Тихий гул разговоров нарядной толпы в фойе и на ярусах – их не было нигде. И – снова в полупустой зал, где слабый шелест программок и разговоров, настройка инструментов, неназойливое разглядывание их – что, похоже, входило в ритуал спектакля. Свой голос на этом фоне казался Илье новым и чужим, обычные слова – исполненными глубокого смысла, особенно если в эти слова вплетается, как вот сейчас, уверенный, насыщенный знакомыми обертонами, всякую минуту готовый изменить интонации другой голос – да-да, рядом с ним стояла Мария, быстро говорила что-то его любимому Леке. Они опоздали, тоже искали их в антракте, теперь пересели, но это все равно далеко, ей не очень хорошо видно. Тут Мария осеклась, поняв, что сказала лишнее, но было уже поздно, ведь его дорогой Лека, конечно же, непременно уступит ей свое место, да это и ему лучше, он ведь дальнозоркий, и вообще они, то есть два деда (эх, каждому бы таким «дедом» быть!), с радостью посидят вместе!
Итак, все решено, люстра гаснет, они сидят рядом, одни в целом мире. Но – молчит Мария, только что оживленно болтавшая с Лекой. И дело вовсе не в том, что ее профиль так хорош при свете гаснущей люстры, а в том, что (и это невдомек Илье) минуты эти драгоценны для Марии, ведь ей после лыжных пробежек по сверкающему от солнца снегу меж вековых елей древнего бора, после привольной жизни в старинной усадьбе, отданной под санаторий, наконец, после этого внезапно подаренного судьбой спектакля вовсе не хочется вновь оказаться в громадной казенной спальной на двадцать человек. Со всеми девчачьими разговорами до полуночи, которые она, говоря по правде, от души презирала.

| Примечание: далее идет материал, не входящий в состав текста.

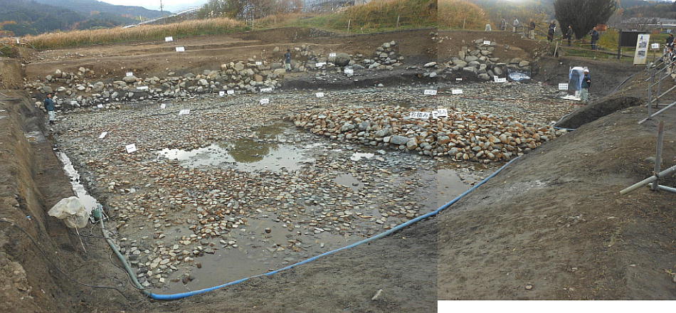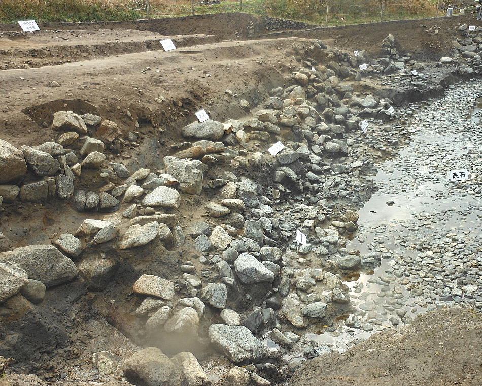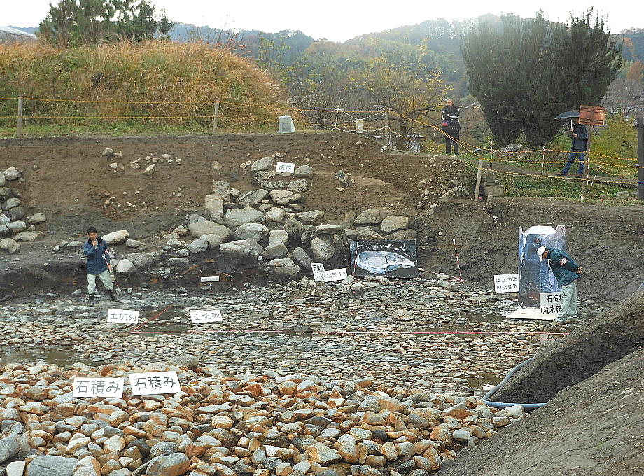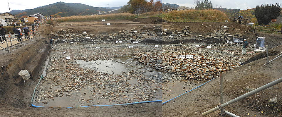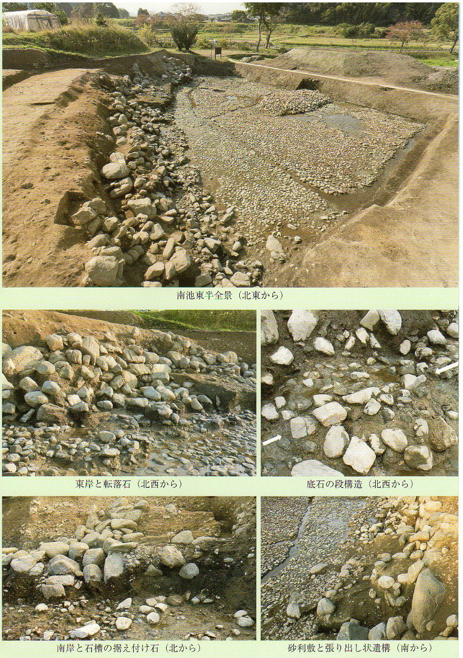 一連に組み合わされて南方からの流水施設となることもわかった。池底には厚さ1mの有機質層が堆積しており、最下層の石敷き上には
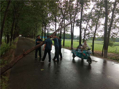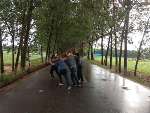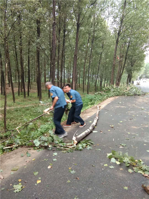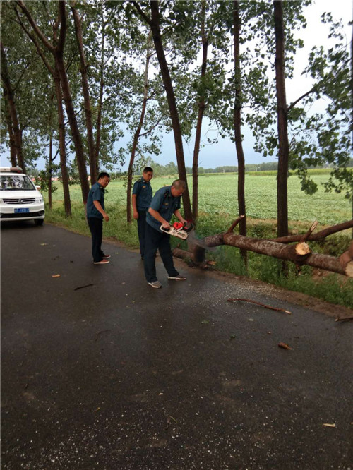 在東夏看張立交橋、李莊橋處,多棵行道樹被大風刮倒,大量枝掉落在公路上,嚴重危及行車安全和道路通行,執(zhí)法人員立即冒雨采取安全防護措施,并利用車載應(yīng)急搶險工具將倒塌在公路上直徑為10-20cm的樹木進行及時清理,并對殘枝落葉進行了全面清掃。歷時三個小時,及時地消除了道路安全隱患,保障人民群眾的出行安全。
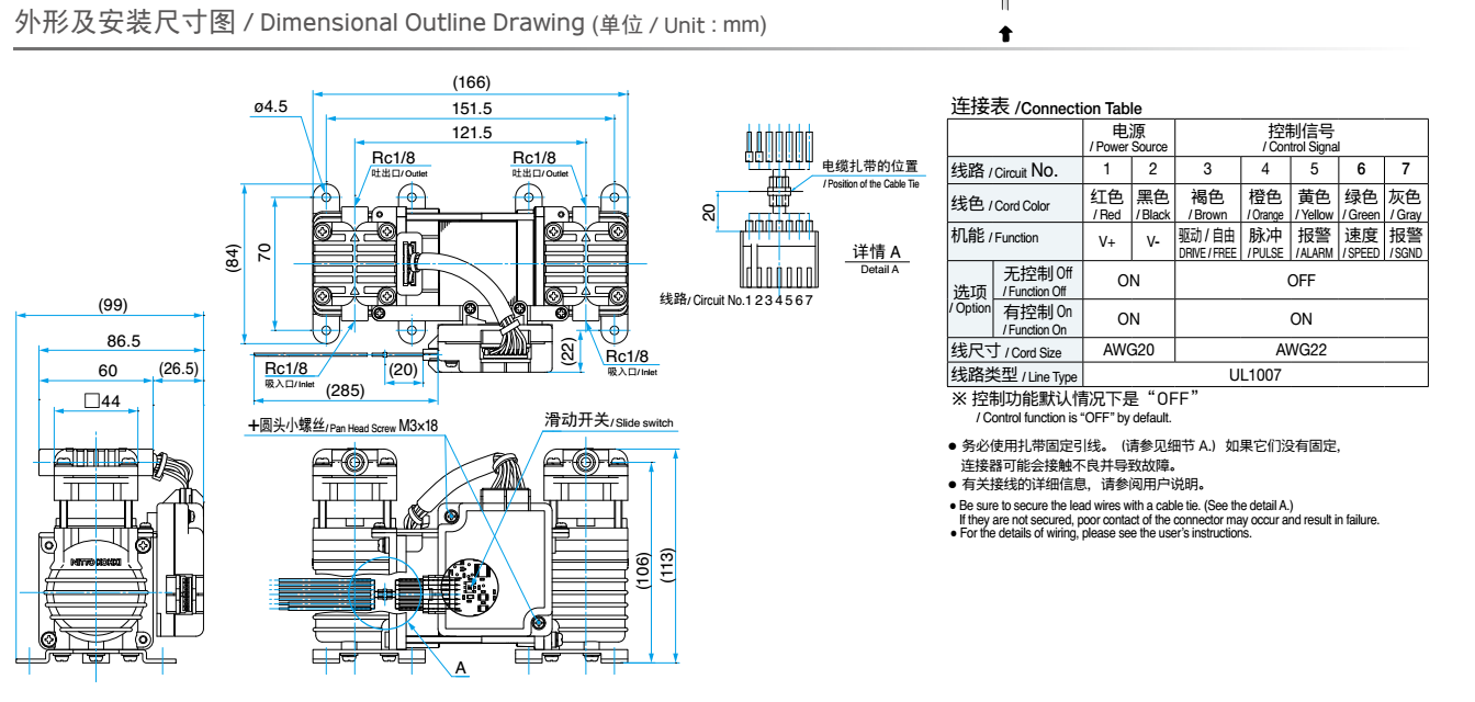 額定壓力: -26.6 kPa (-200mmHg)<br /> 最大壓力: 45 kPa (0.45 kgf/cm2)<br /> 吐出空氣量: 5 L/min<br /> 額定電壓: 12 V DC
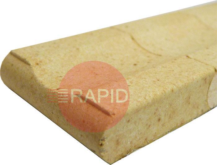 This tile is larger and has a larger groove than the 1G42 tile or the 1G41-R tile where the user needs more penetration and more substance in the tile. Possibly for submerged arc welding applications and thicker plates. Each tile is radiused to form a strip around the cylinder.
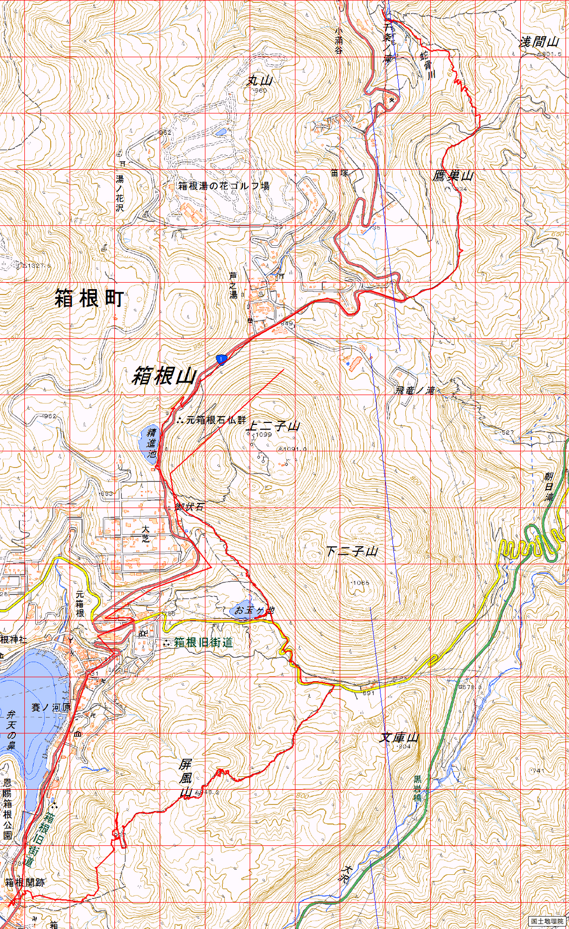 お玉の池12;19〜31---精進池入口13;13---精進池外れトンネル13;31---芦之湯13;46---湯坂路入口14;04---鷹巣山14;25---
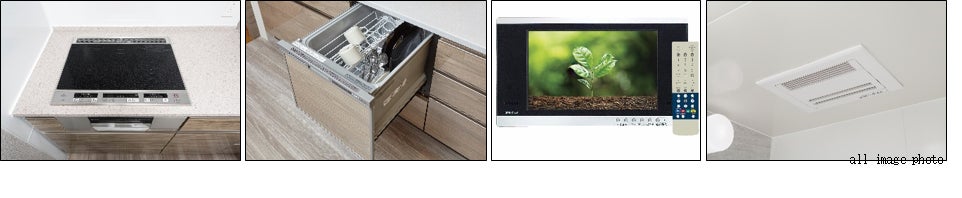 ※左から、IHクッキングヒーター、食器洗い乾燥機、浴室テレビ+リモコン、浴室換気暖房乾燥機
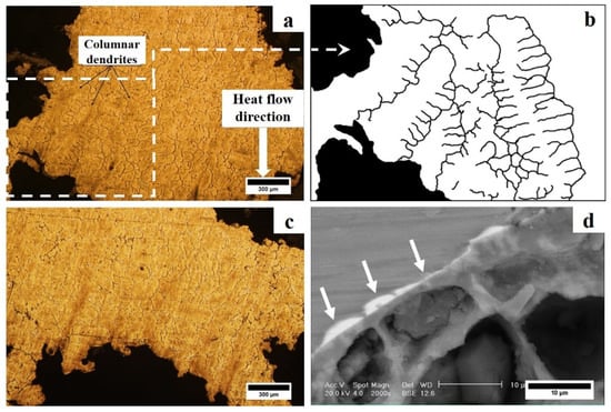 Despite the directional cooling of the sample, evidence of extensive directional solidification was not observed in the microstructure. The heat flow direction as well as some columnar dendrites grown opposite to the heat flow are displayed in Figure 9a. Schematics of some of these dendrites are shown in Figure 9b. No such dendrites could be observed in the upper parts of the sample (such as in Figure 9c). It is believed that the directional growth of the dendrites nucleated at the bottom of the mould is hindered by EPPs due to the mechanical and thermal effects of EPPs’ presence. Firstly, the dimension of the EPPs is many times larger than the grain size of the struts. As a result, EPPs can mechanically stop the directional growth of the grains. Secondly, the thermal properties of the EPPs and the aluminium matrix alloy are very different. The thermal conductivity of EP (0.12 W/m·K) is much lower than that of the matrix alloy (85 W/m·K) []. Furthermore, the specific thermal capacity of the former is 1000 J/kg·K, and that of the latter is 850 J/kg·K []. These differences result in slower cooling of the melt close to the EPPs. Interference of the thermal fields around each EPP with the thermal gradients imposed by the directional cooling is believed to prevent extensive growth of the columnar dendrites opposite to the cooling direction. In fact, the formation of a considerable number of eutectic phases on the EPP/aluminium matrix interface (marked by white arrows in Figure 9d) suggests that grains were nucleated in the bulk of the infiltrated molten alloy and grew towards the EPPs. Since the solute distribution coefficient of the Al-Cu system (k0) is less than unity [], copper atoms are rejected from the solidification front and are concentrated in the last part of the structure which is solidified. A directional solidification from the centre of the struts towards the EPPs can be concluded from Figure 9d. Such a growth mode would naturally result is equiaxed rather than columnar grains.
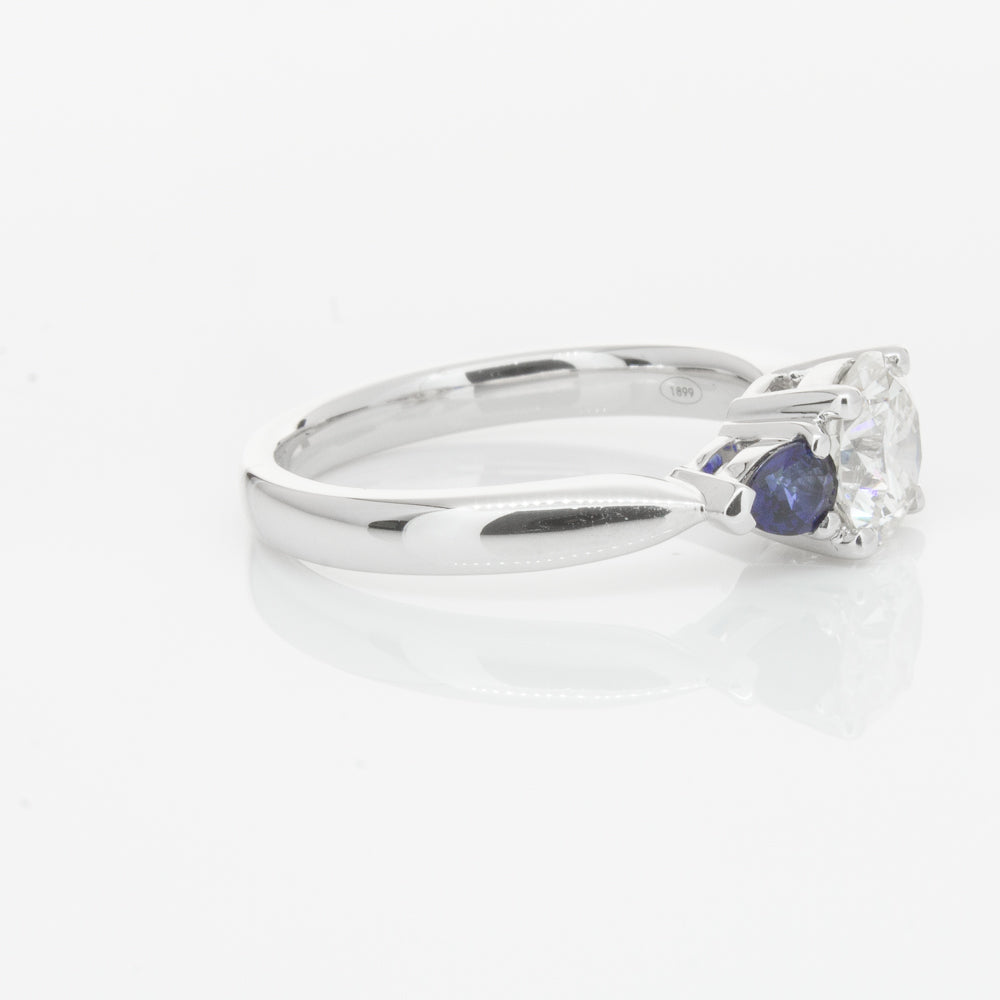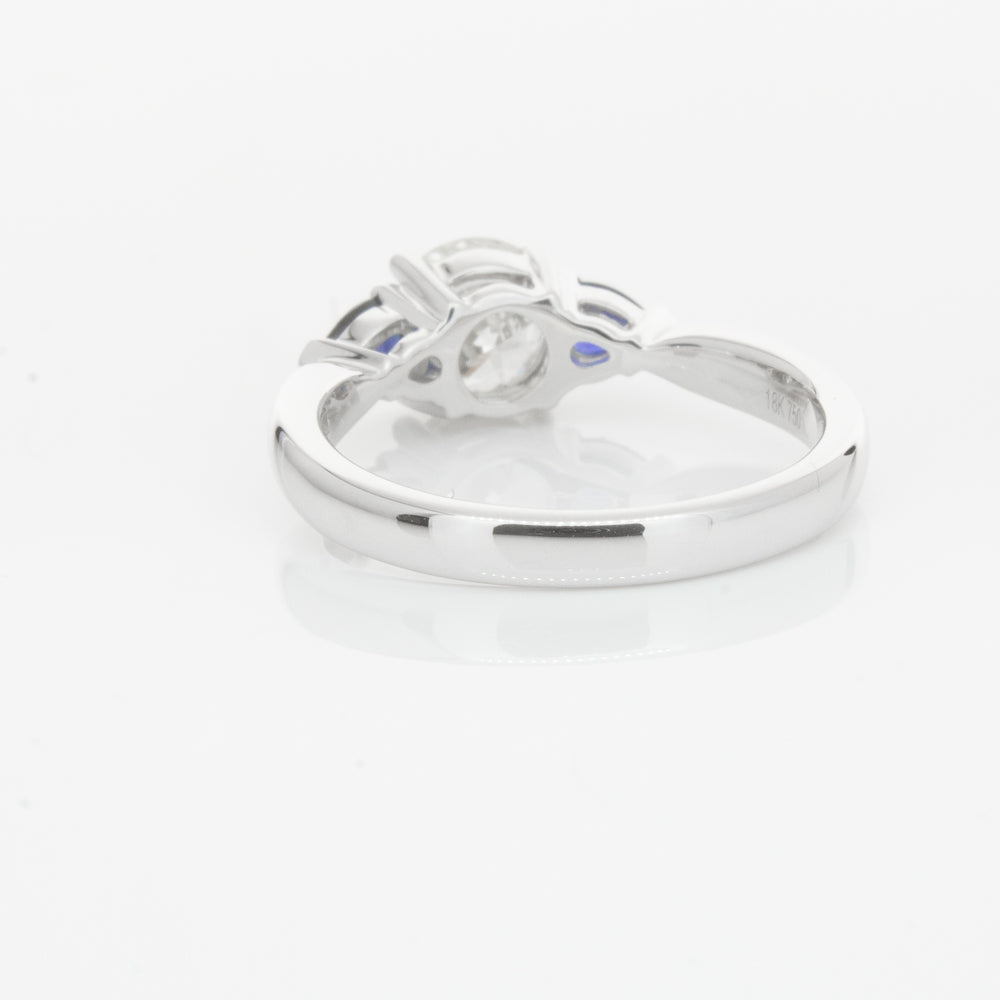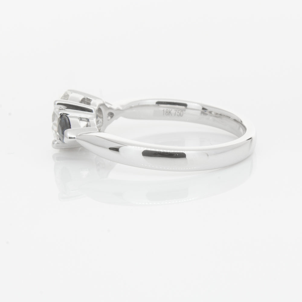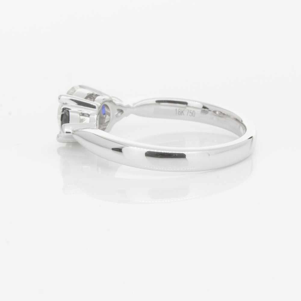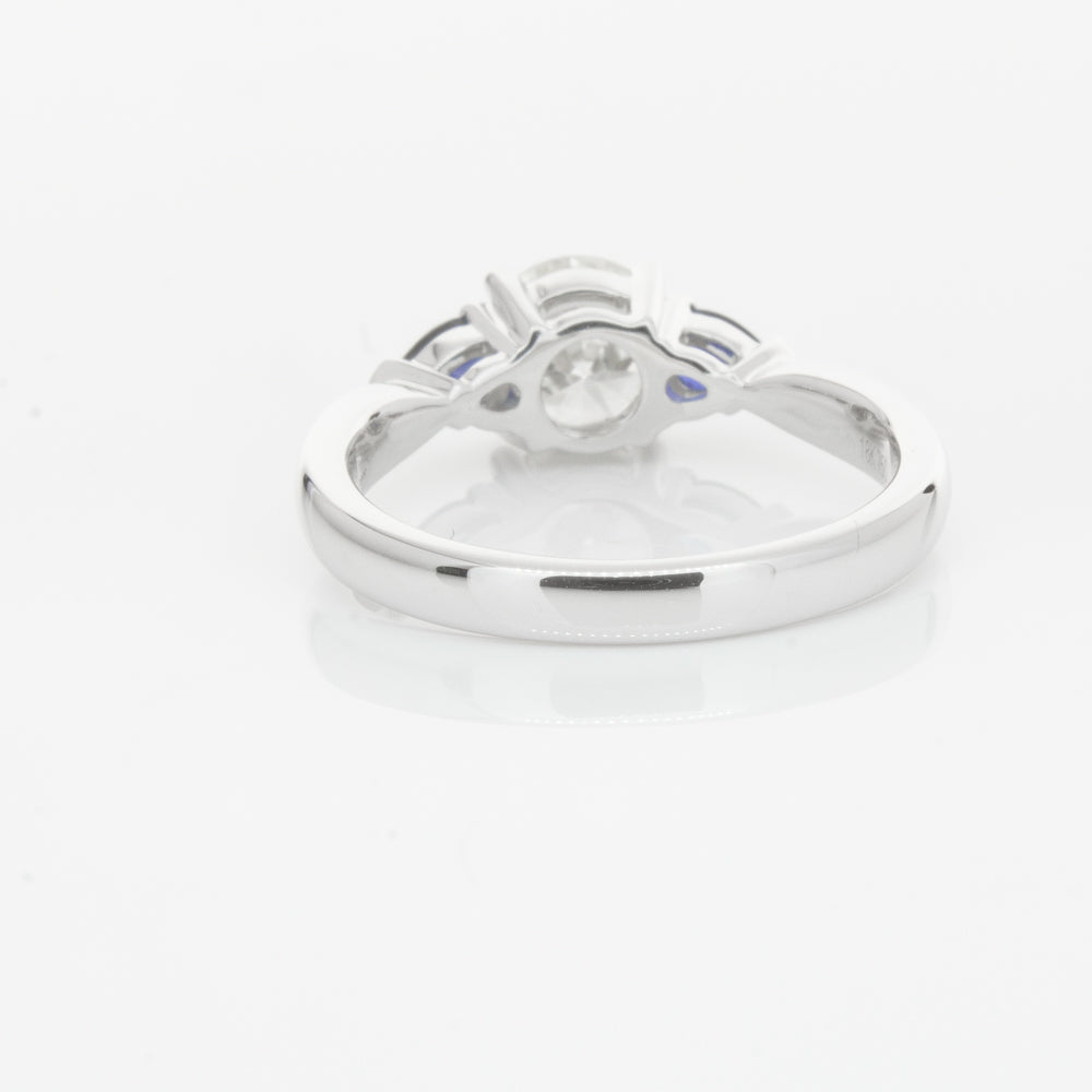 18ct white gold ring featuring one round brilliant cut diamond framed by two deep blue pear cut sapphires.
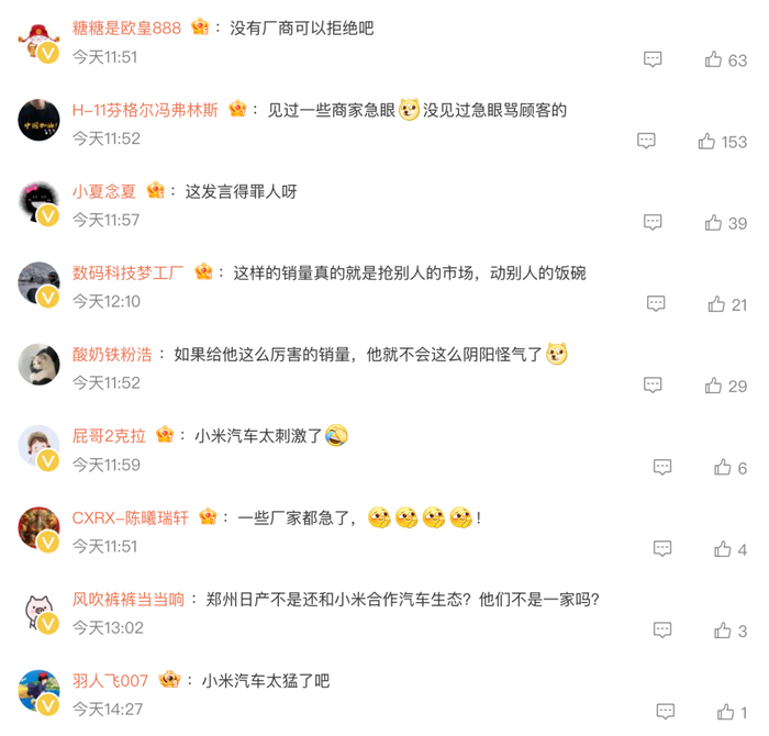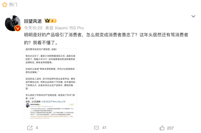 从某种程度上来说,企业高管的言行举止甚至衣着形象等方方面面往往代表了企业的品牌形象和声誉,作为企业的核心决策层和形象代表,其一举一动时刻反映着企业的价值观、经营理念以及对各种事务的态度,尤其在是面对危机时,高管的言论至关重要,因此也备受行业关注。简单来说,高管的言论和行为是企业价值观和经营理念的直接体现,因此在任职期间确实还是需要谨言慎行些。言归正传,虽然此番言论是黄照昆的个人观点,但作为东风日产高管之一,这番言论还是很快引发了大家的关注,多数米粉群体并不接受"愚忠"的标签,目前这则微博已被删除。
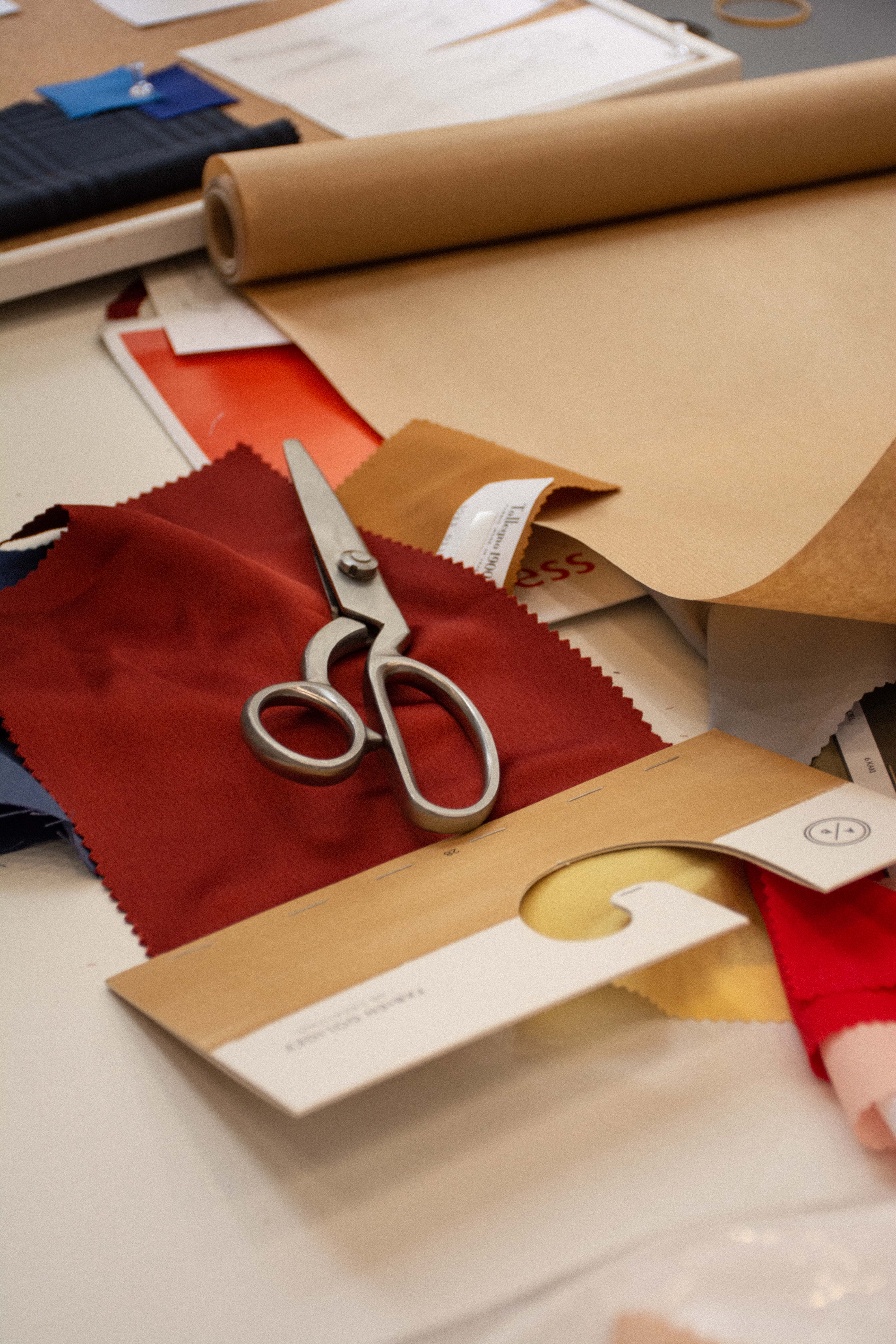- Fabric placement and cutting: Once the pattern is ready, each piece is cut with the utmost precision. Fabric placement is optimized to minimize waste and ensure a clean cut. On average, 1.75 meters of fabric are needed for a jacket, and between 2 and 2.4 meters for a patterned fabric.

Когда спектакль кончился, и даже чуть раньше – до нескончаемых благодарных аплодисментов, они тихонечко выскользнули из зала – подобно Золушке, Маша должна была вернуться в свое казенное жилище, она и так опаздывала. Они быстро шли вверх по еще темному залу к выходу, а Илье хотелось, чтобы этот путь продлился подольше. В полупустом еще гардеробе их уже ждали взрослые, и немного спустя, уже у самых последних дверей, к которым устремился пахнущий духами поток дамских шубок и манто – гигантская многоножка на сотнях стройных опор, – туда, на черный морозный воздух, где колонны с заснеженным основанием по-своему завершают сказку вечера, – самый последний взгляд в ее глаза, над которыми – чистый лоб, рыжий венец волос, а еще выше – тонкий нимб из белого как снег, нежного вологодского пуха. А в душе – целый рой отроческих упований, рожденных музыкой и неизбежным расставанием – ведь через три дня отъезд – а теперь уже и эти дни прошли, и вот уже целые сутки он лежит в купе поезда Москва – Ташкент. А перед взором – заснеженные леса, потом – степи, степи…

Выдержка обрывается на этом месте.